Splitter arrangements arising from distributions made before payment of additional tax under foreign-initiated adjustments: Treasury also plans for the regulations to address another arrangement that could achieve a similar result. In this arrangement, a taxpayer uses distributions to, in effect, move post-1986 undistributed earnings from one Sec. 902 corporation to another Sec. 902 corporation before the first Sec. 902 corporation makes a tax payment relating to a specified foreign-initiated adjustment. In that arrangement, the payer of the taxes first takes into account the earnings to which the tax payment relates. As a result of the distributions, however, the earnings are then taken into account by a covered person (a person having a 10% or more ownership interest in the payer or that is a related party) that is a Sec. 902 corporation before the first Sec. 902 corporation pays the tax.

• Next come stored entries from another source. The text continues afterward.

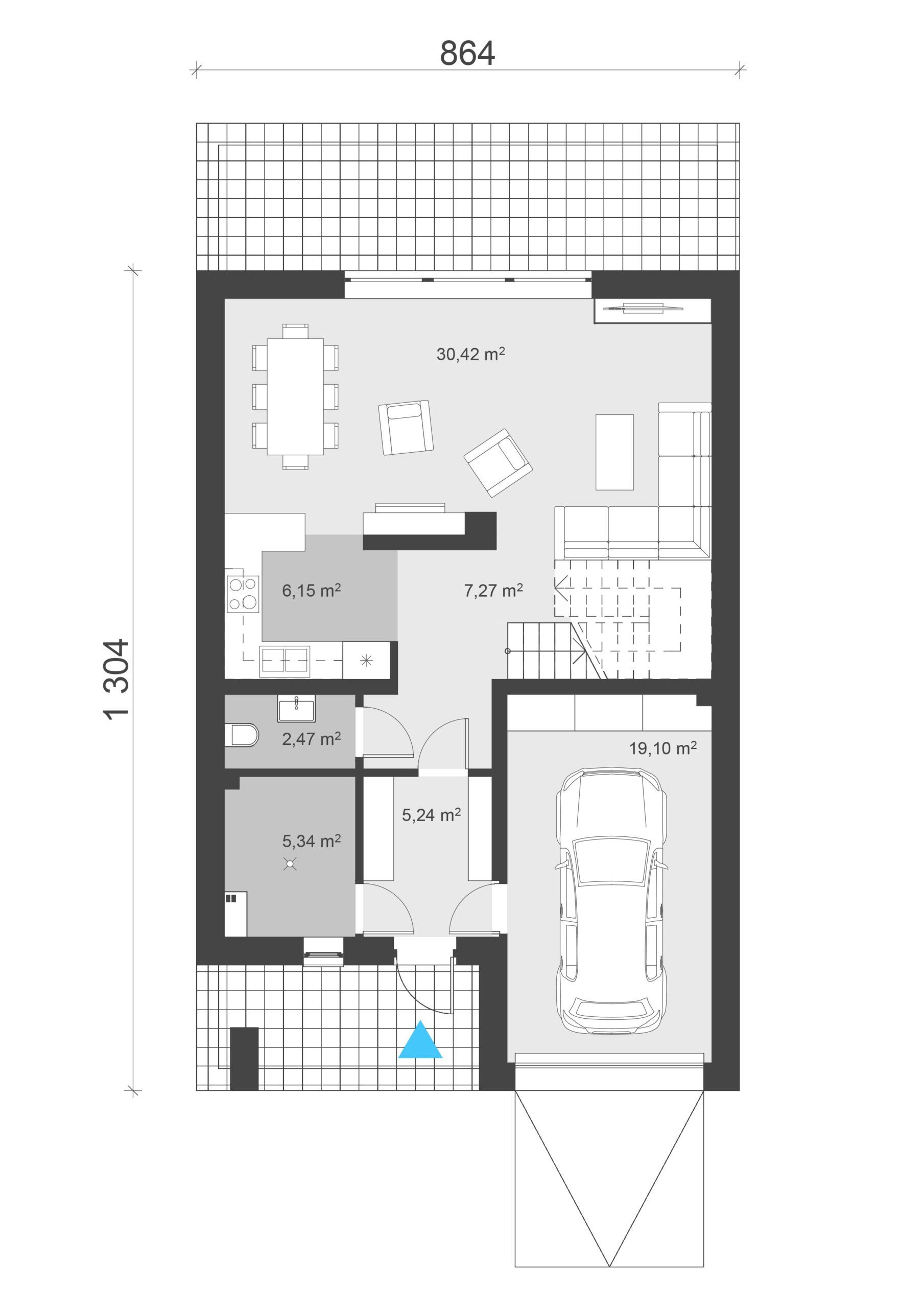 uA88 jest to ciekawa propozycja zarówno dla deweloperów, jak i klientów indywidualnych. Jest to projekt, który możemy modyfikować i występować może w wielu wariantach: jako dom jednorodzinny dwulokalowy (bliźniak) lub jednolokalowy ( tzw. połówka) czy też w formie zabudowy szeregowej. Jeden moduł ma powierzchnię użytkową 125,69 m2 . W bryle znajduje się jednostanowiskowy garaż. Na dole, w strefie dziennej zaprojektowano salon z jadalnią i kuchnią oraz toaleta i pomieszczenie gospodarcze. Na piętrze, w strefie nocnej znajdują się trzy sypialnie, ogólnodostępna łazienka oraz pralnia i garderoba. Całość stanowi idealne połączenie komfortu mieszkania i funkcjonalności układu pomieszczeń. Elewacja zewnętrzna utrzymana w nowoczesnym stylu z wykorzystaniem blachy w rąbek stojący. Wejście zostało zaakcentowane betonową pergolą, dzięki czemu uzyskało reprezentacyjny charakter.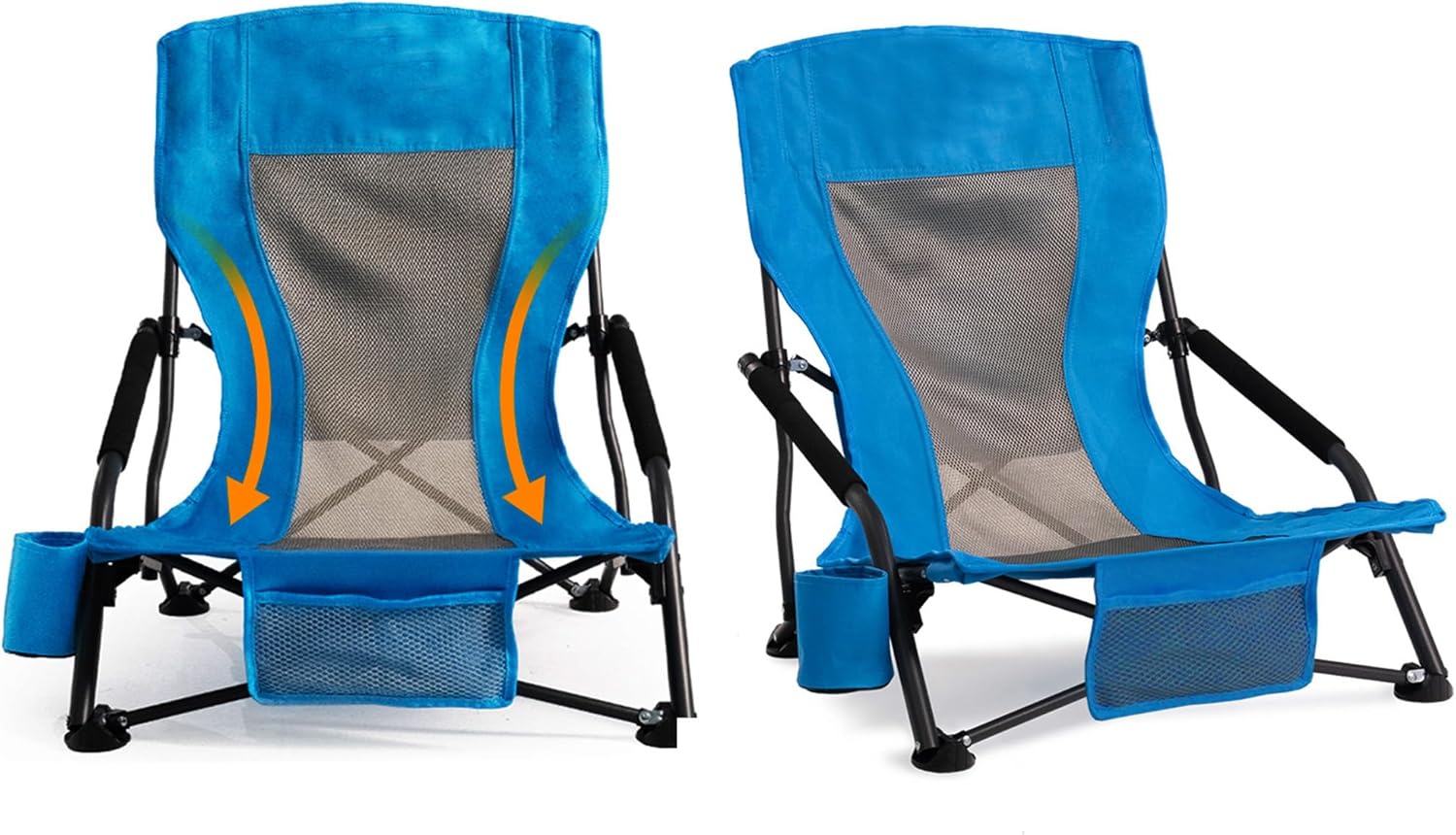 【Adjustable Low-Profile Seating】27.2″ low-height design allows natural leg extension while the water-resistant sand-proof fabric ensures comfort on beaches, riverbanks and uneven terrain
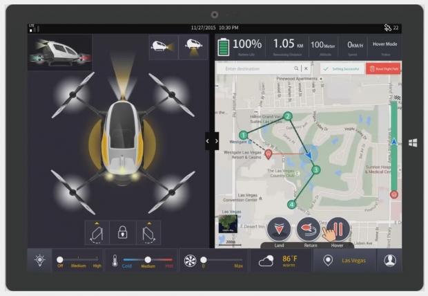Một máy tính bảng và một ứng dụng trực quan giúp phục vụ cho giao diện người máy, và việc lái chiếc Ehang 184 không đòi hỏi phải đào tạo nhiều vì mọi thứ đều chạy tự động. Tuy nhiên người dùng có thể chọn nhiệt độ AC, cảm biến và ánh sáng bên ngoài, hoặc cài đặt chế độ cân bằng hoặc chế độ lái sinh thái. Về mặt ổn định, Ehang 184 có thể thích ứng với các yếu tố ngoài môi trường nhằm đảm bảo một chuyến bay ổn định và êm ái thậm chí trong những điều kiện nhiều gió.
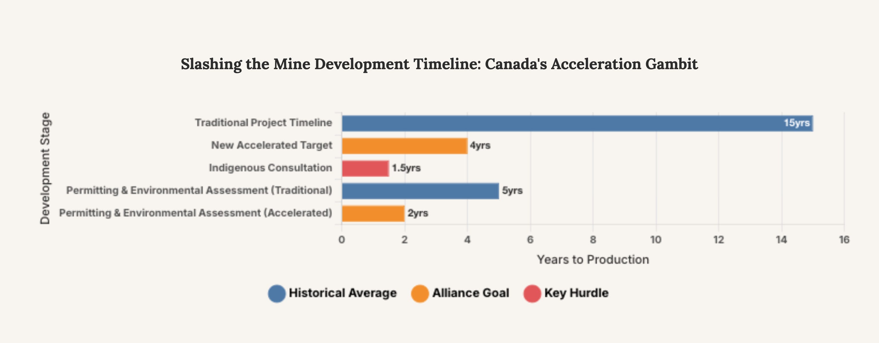 This chart illustrates the dramatic compression of project timelines Canada aims to achieve through its new Critical Minerals Production Alliance. The goal is to reduce the 15-year average to a 3-5 year sprint, though significant hurdles like Indigenous consultation remain fixed points in the process.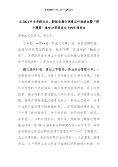 【七哥公文】2024年:在2024年全市新业态、新就业群体党建工作推进会暨“两个覆盖”集中攻坚推进会上的汇报发言+更多免费公文+VX:QiGeGongWen2024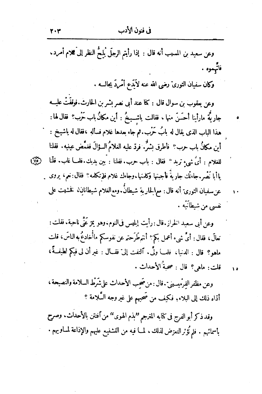 أين مكان باب حرب؟ فأطرق بشر. فردّ عليه الغلام السؤال فغمّض عينيه. فقلنا للغلام: أىّ شىء تريد فقال: باب حرب. فقلنا: بين يديك. فلما غاب، قلنا يا أبا نصر، جاءتك جارية فأجبتها وكلمتها، وجاءك غلام فلم تكلمه؟ فقال: نعم، يروى عن سفيان الثورىّ أنه قال: مع الجارية شيطان، ومع الغلام شيطانان، فخشيت على نفسى من شيطانيه.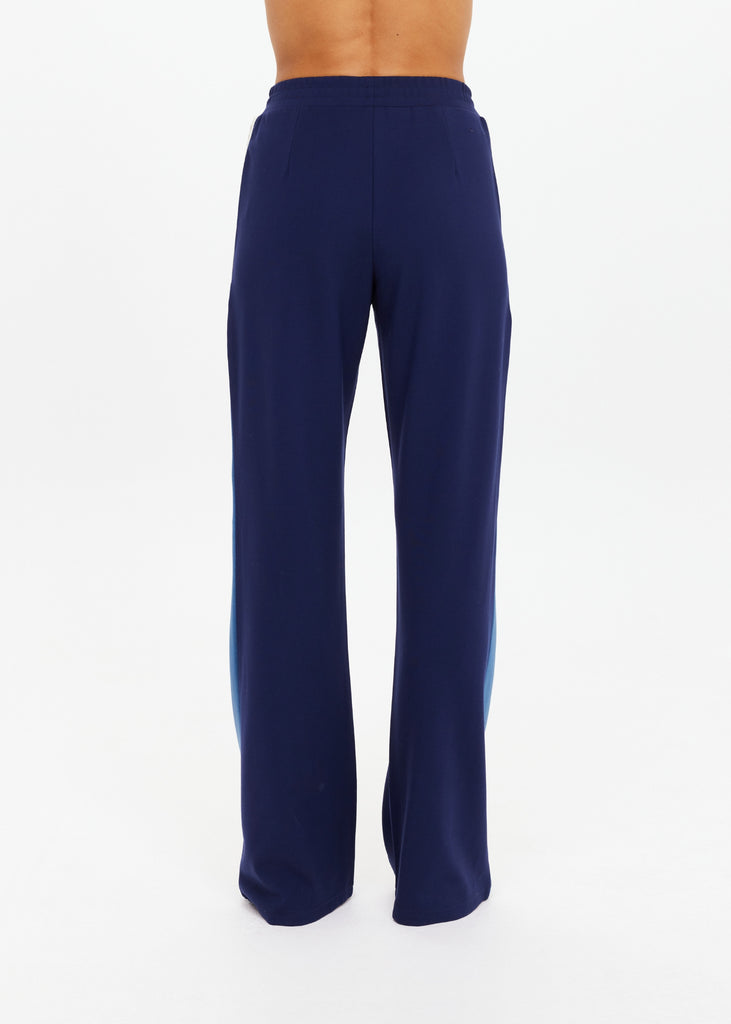 - Flared pant with splits at hem colour blocked in shades of blue

The planned regulations would treat the transaction as a splitter arrangement if the distribution were made with a principal purpose of reducing the payer's undistributed earnings to which the taxes relate in advance of paying those taxes. Notice 2016-52 provides further rules providing when that principal purpose will be assumed and how it may be rebutted with clear and convincing evidence. The notice includes examples illustrating the arrangements in further detail.
Request for Comments, Alternative Approaches
In a request for comments, Treasury specifically asked whether the described transactions or restructurings would be more appropriately addressed in rules under Sec. 905(c),providing that additional payments of tax be accounted for through adjustments to the pools of post-1986 foreign income taxes and post-1986 undistributed earnings of Sec. 902 corporations that are not the same entity as the payer of the tax.
Treasury also specifically requested comments on whether an objective test, rather than a subjective test based on taxpayer intent, should be used to determine whether the described transactions or restructurings should be treated as splitter arrangements. And, if so, it asked what type of objective test could be used for this purpose. The comment period ended Dec. 14, 2016.
The rules set forth in Notice 2016-52 limit foreign tax credit planning that may be undertaken in conjunction with foreign-initiated tax adjustments. Taxpayers should be mindful of how those rules could affect the availability of foreign tax credits as they undertake transactions or restructurings involving entities for which foreign-initiated tax adjustments are anticipated.
Michael Dell is a partner at Ernst & Young LLP in Washington.